# KSL Legislature Story about DWR and Human Targets



## klbzdad (Apr 3, 2012)

Uhmmmm....the link is at the bottom but here's the quote that made me want to duct tape my head before it popped:

"_We don't want people having accidents and shooting other people_," Cahoon told the committee.

Sooooo, we should practice personal protection on a **** rabbit target? Really? 
:roll: :roll: :roll: :roll: :roll:

Here's the story:
http://www.ksl.com/?sid=22213207&nid=14 ... featured-1


----------



## Bax* (Dec 14, 2008)

I read this earlier and voted 

You never know about the vicious rabbits, they would kill you and everyone you have ever loved (given the chance).


----------



## HunterGeek (Sep 13, 2007)

I don't think that the KSL reporter quite understands the issue. The controversy isn't about allowing human-shaped targets at public shooting ranges - it's about the DWR not allowing those particular targets at _their_ public shooting ranges on days when the ranges are open to the general public.

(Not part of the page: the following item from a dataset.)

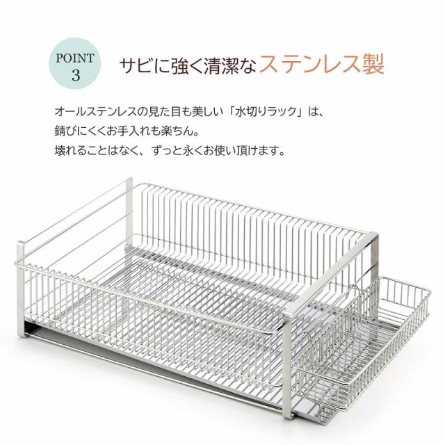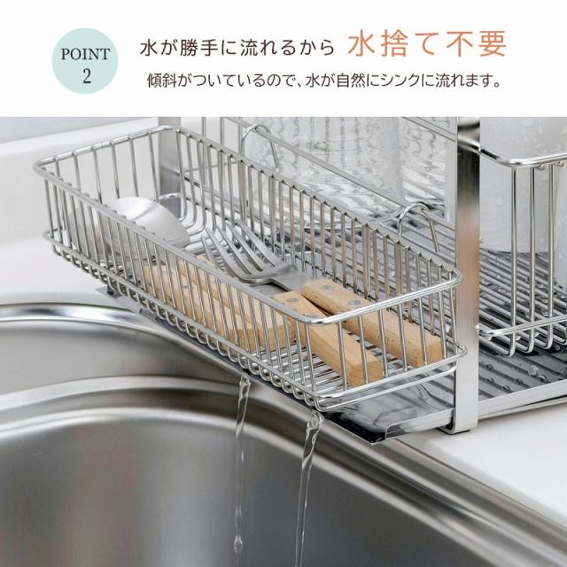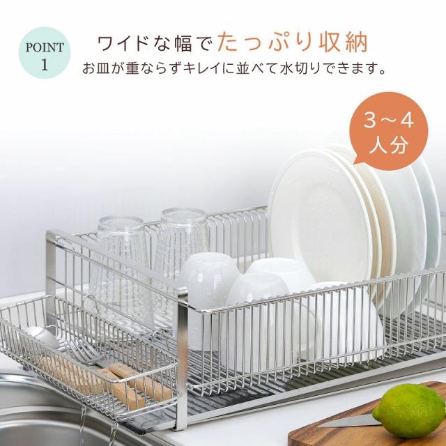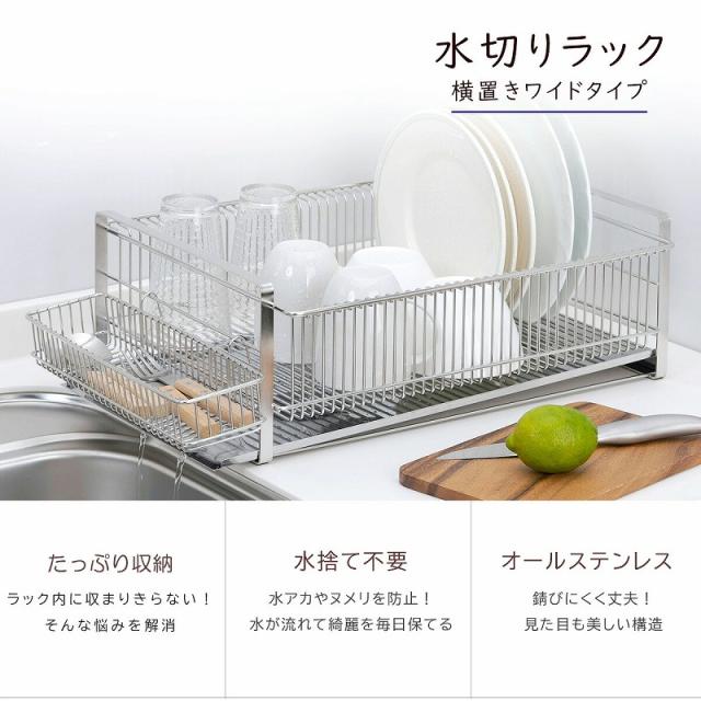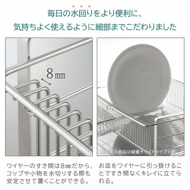 水切りラック ワイド 横置き (箸置き付) 日本製 水切りバスケット ステンレス 頑丈 丈夫 清潔 スッキリ かご 皿立て 下村企販 たっぷり 水切り 燕三条 ツバメ 国産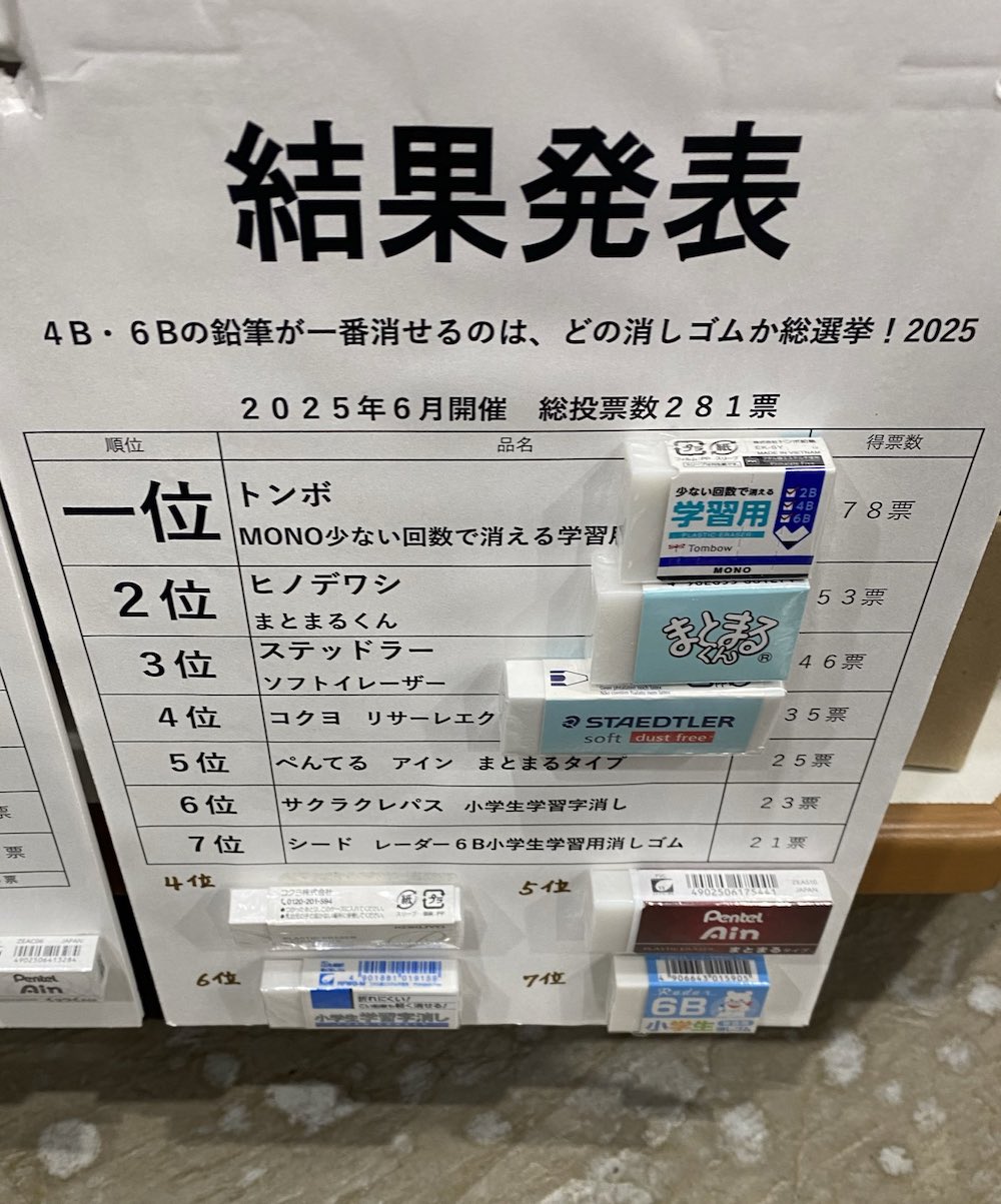 文房具屋で店員さんに「参考にしてください」って教えてもらったどの消しゴムか総選挙

The DWR says that they operate shooting ranges, in part, for hunter education purposes and to teach people about gun safety. According to them, human-shaped targets sort of contradicts their important message in their hunter education programs about never pointing a gun at somebody. Furthermore, they say that their ranges aren't about learning how to handle a gun for self-defense and say, instead, that their ranges are about hunting and wildlife.

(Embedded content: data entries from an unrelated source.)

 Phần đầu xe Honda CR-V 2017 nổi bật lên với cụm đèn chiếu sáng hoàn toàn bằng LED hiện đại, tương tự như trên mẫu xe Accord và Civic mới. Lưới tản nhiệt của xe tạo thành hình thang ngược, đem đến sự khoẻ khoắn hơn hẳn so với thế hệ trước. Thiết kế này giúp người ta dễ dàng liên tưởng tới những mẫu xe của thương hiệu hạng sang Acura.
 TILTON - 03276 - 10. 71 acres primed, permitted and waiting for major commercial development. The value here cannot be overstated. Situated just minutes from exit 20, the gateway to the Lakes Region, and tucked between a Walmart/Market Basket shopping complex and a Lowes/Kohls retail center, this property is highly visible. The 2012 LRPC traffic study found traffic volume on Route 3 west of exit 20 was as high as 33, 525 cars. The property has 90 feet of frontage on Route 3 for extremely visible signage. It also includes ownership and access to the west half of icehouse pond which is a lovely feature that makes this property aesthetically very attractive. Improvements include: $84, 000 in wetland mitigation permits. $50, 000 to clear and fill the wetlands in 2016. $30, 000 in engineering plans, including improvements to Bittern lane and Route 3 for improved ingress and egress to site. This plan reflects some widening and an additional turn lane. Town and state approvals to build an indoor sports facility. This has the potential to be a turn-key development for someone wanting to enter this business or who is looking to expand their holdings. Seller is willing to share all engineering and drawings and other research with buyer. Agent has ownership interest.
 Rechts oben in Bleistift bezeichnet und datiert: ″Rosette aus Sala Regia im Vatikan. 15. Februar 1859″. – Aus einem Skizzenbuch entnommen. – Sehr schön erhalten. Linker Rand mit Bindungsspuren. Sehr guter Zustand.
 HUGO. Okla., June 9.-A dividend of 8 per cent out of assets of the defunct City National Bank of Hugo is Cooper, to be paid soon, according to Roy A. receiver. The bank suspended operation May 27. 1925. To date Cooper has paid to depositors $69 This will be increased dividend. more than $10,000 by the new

From personal experience I know that the DWR does allow human-shaped targets for groups that reserve the range for special training purposes. They just don't allow the targets when the general public - especially kids - are there since, according to them, it sends a message they don't think is appropriate for a shooting range built around hunting and hunter safety.

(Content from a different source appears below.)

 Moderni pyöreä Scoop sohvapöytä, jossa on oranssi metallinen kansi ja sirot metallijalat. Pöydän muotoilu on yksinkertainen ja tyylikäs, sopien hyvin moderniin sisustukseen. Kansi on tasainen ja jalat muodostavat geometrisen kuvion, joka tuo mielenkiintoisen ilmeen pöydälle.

I don't have any strong feelings about this tempest-in-a-teapot issue one way or the other. But I can understand their point of view about the ranges being about hunter safety and not practicing to shoot people, whether in self defense or not. From what I've read, it sounds like the DWR isn't married to their position on this either and would go along with whatever the legislature told them to do without putting up a fuss about it.


----------